A step 250 of method 200 is to bond the first portion of the coaxial trace and the second portion of the coaxial trace to each other. In an embodiment where the surrounding material is glass, step 250 can be an anodic bonding step. In an embodiment where the surrounding material is silicon, the first portion and the second portion of the coaxial trace can be bonded together using silicon-silicon direct bonding.

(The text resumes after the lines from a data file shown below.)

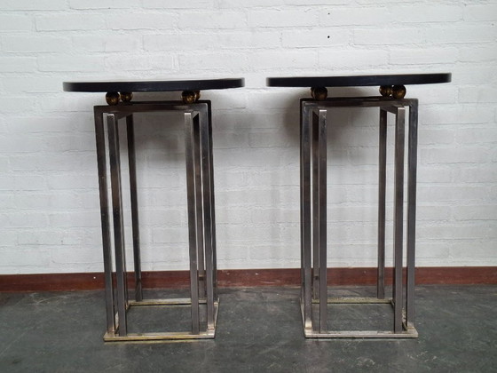 2x Regency-stijl bijzet- of plantentafels. Deze tafels zijn perfect voor het tentoonstellen van uw favoriete planten of decoratieve objecten. Het strakke metalen frame en het zwarte houten blad stralen een tijdloze charme uit die naadloos in elke ruimte past. De gouden accenten voegen een subtiele luxe toe, waardoor deze tafels een blikvanger zijn in elke kamer. Gebruikssporen aanwezig. De prijs is voor de set.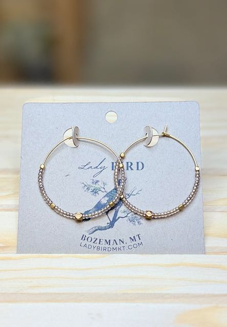 Perfect for boho style and effortless, casual elegance, these Sparkling Champagne and Gold beaded hoops are your new go-to accessory. Made with premium Czech glass seed beads, they bring that perfect mix of nature-inspired color and sophisticated shine.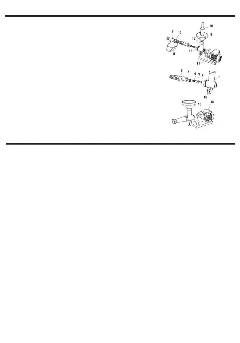 Remove the slide (8) and unfasten the lter (7), lubricate the worm (6) with a little olive oil and assemble the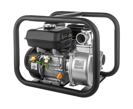 Бензиновая мотопомпа HYUNDAI с двигателем мощностью 5.5 л.с. (3.1 кВт) поднимает жидкость на высоту до 30 метров, максимальная глубина всасывания составляет 6 метров. Для всасывания используется труба диаметром 50 мм. Вес мотопомпы 25.8 кг. Гарантия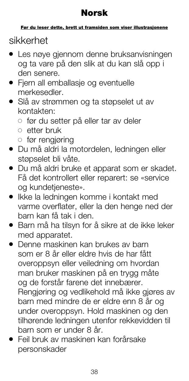 Este aparato puede ser utilizado por niños a partir de los 8 años de edad si han recibido instrucciones o supervisión en relación con el uso del aparato de forma segura y si entienden los peligros que ello implica. La limpieza y el mantenimiento del aparato no deben ser realizados por niños a menos que sean mayores de 8 años de edad y reciban la supervisión de un adulto. Mantenga el aparato y su cable fuera del alcance de los niños menores de 8 años de edad. El uso incorrecto de su aparato puede producir lesiones.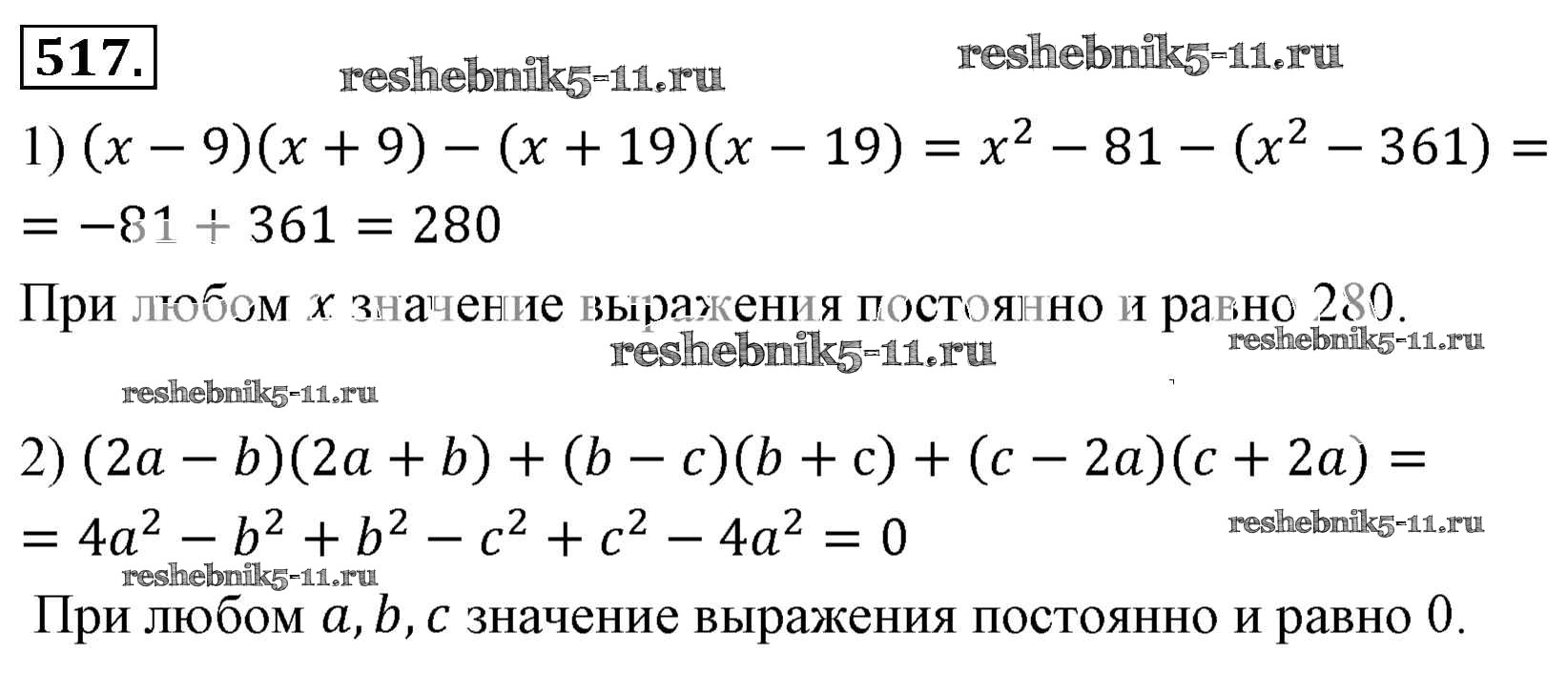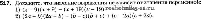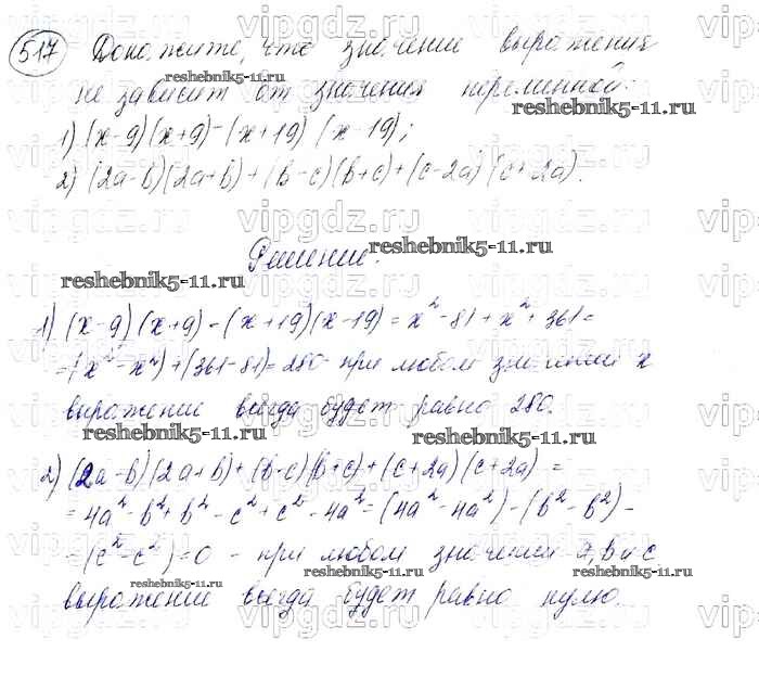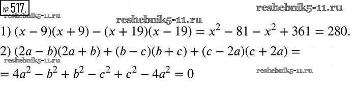 Готовая домашняя работа с ответами по Алгебре за 7 класс Мерзляк, Полонский, Якир Учебник Алгоритм успеха Базовый уровень Вентана-граф 2016 ФГОС - Упражнения 517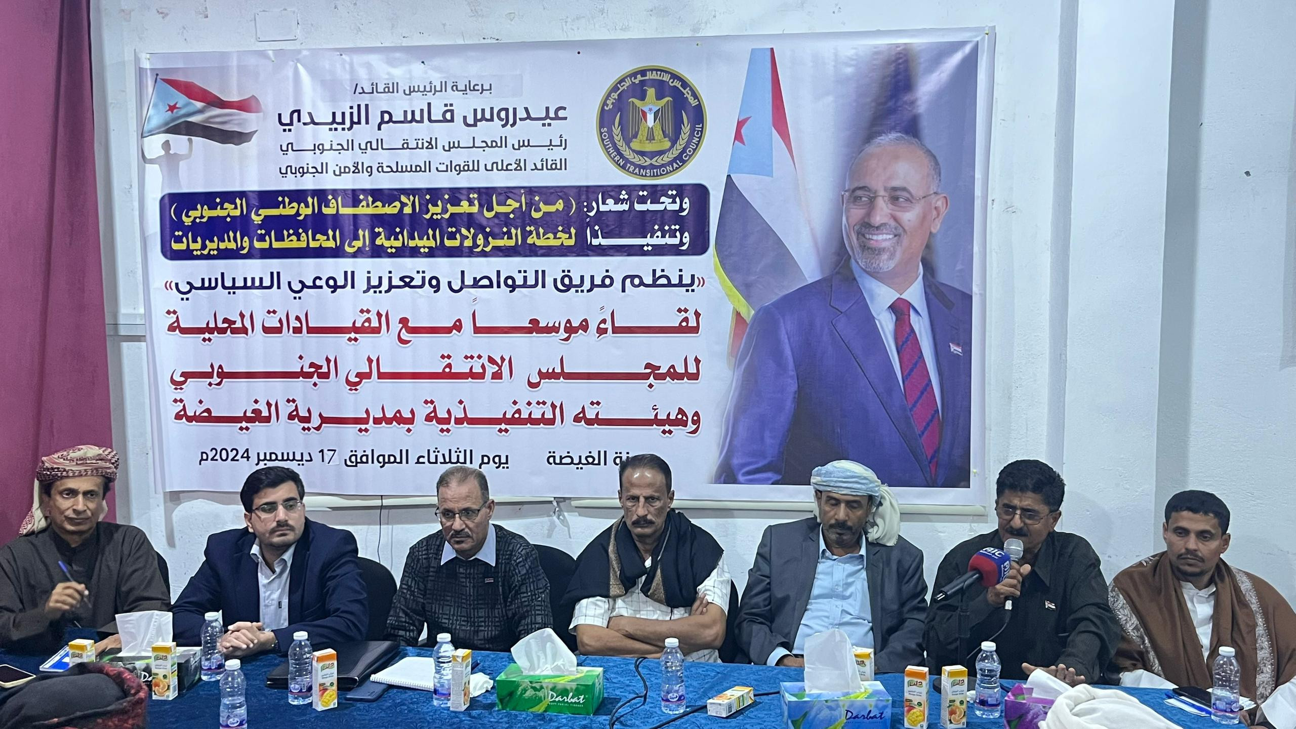 عقد فريق التواصل وتعزيز الوعي السياسي بالمجلس الانتقالي الجنوبي، برئاسة عضو هيئة الرئاسة، الدكتور سالم علي القميري، اليوم الثلاثاء، لقاءً مع قيادة وأعضاء انتقالي مديرية الغيضة بمحافظة المهرة.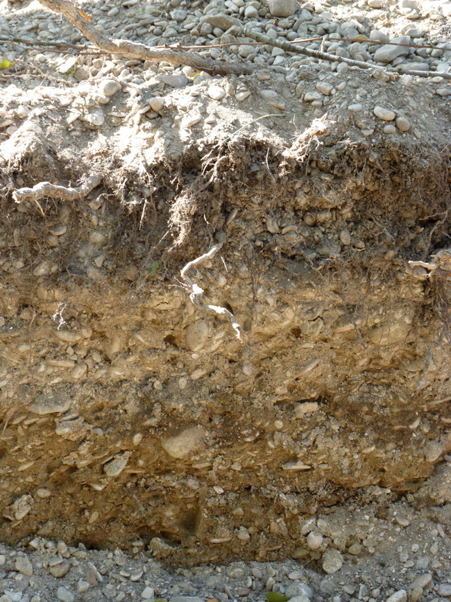 Parete di scavo di 1 metro che mostra strati ghiaiosi, Lago Vicini lungo il F. Metauro a Fano, giugno 2011
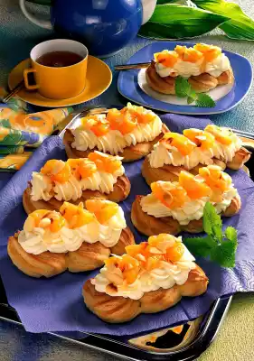 Pour lemon cream into a piping bag with star-shaped spout and squirt onto the strips. Drain the apricots on a sieve, cut them into slices and place them on the cream. Roast the flaked almonds in a dry pan until golden brown and sprinkle over the strips.

As an example, in order to facilitate the initial phase of direct silicon bonding, (i.e., the creation of Van der Waals bonds), without compromising the integrity of the coaxial trace, gas plasma oxidation, such as with oxygen, argon, or the like, may be used rather than sulfuric acid, hydrogen peroxide, or the like.
In the same or another embodiment, step 250 further comprises one or more of: fusing the first electrically insulating layer to the third electrically insulating layer; fusing the first seed layer to the third seed layer; fusing the first electrically conducting layer to the third electrically conducting layer; fusing the second electrically insulating layer to the fourth electrically insulating layer; fusing the second seed layer to the fourth seed layer; and fusing the second electrically conducting layer to the fourth electrically conducting layer. In a particular embodiment, step 250 still further comprises fusing the first substrate to the second substrate. As an example, the silicon, the electrically insulating layers, the seed layers, and/or the electrically conducting layers can be fused to each other using an anneal process. As a particular example, the anneal can take place at relatively low temperatures, such as approximately 250 degrees Celsius so as to allow for greater flexibility in earlier temperature-sensitive processing steps, or at relatively higher temperatures, such as in a range of approximately 800 to 1000 degrees Celsius.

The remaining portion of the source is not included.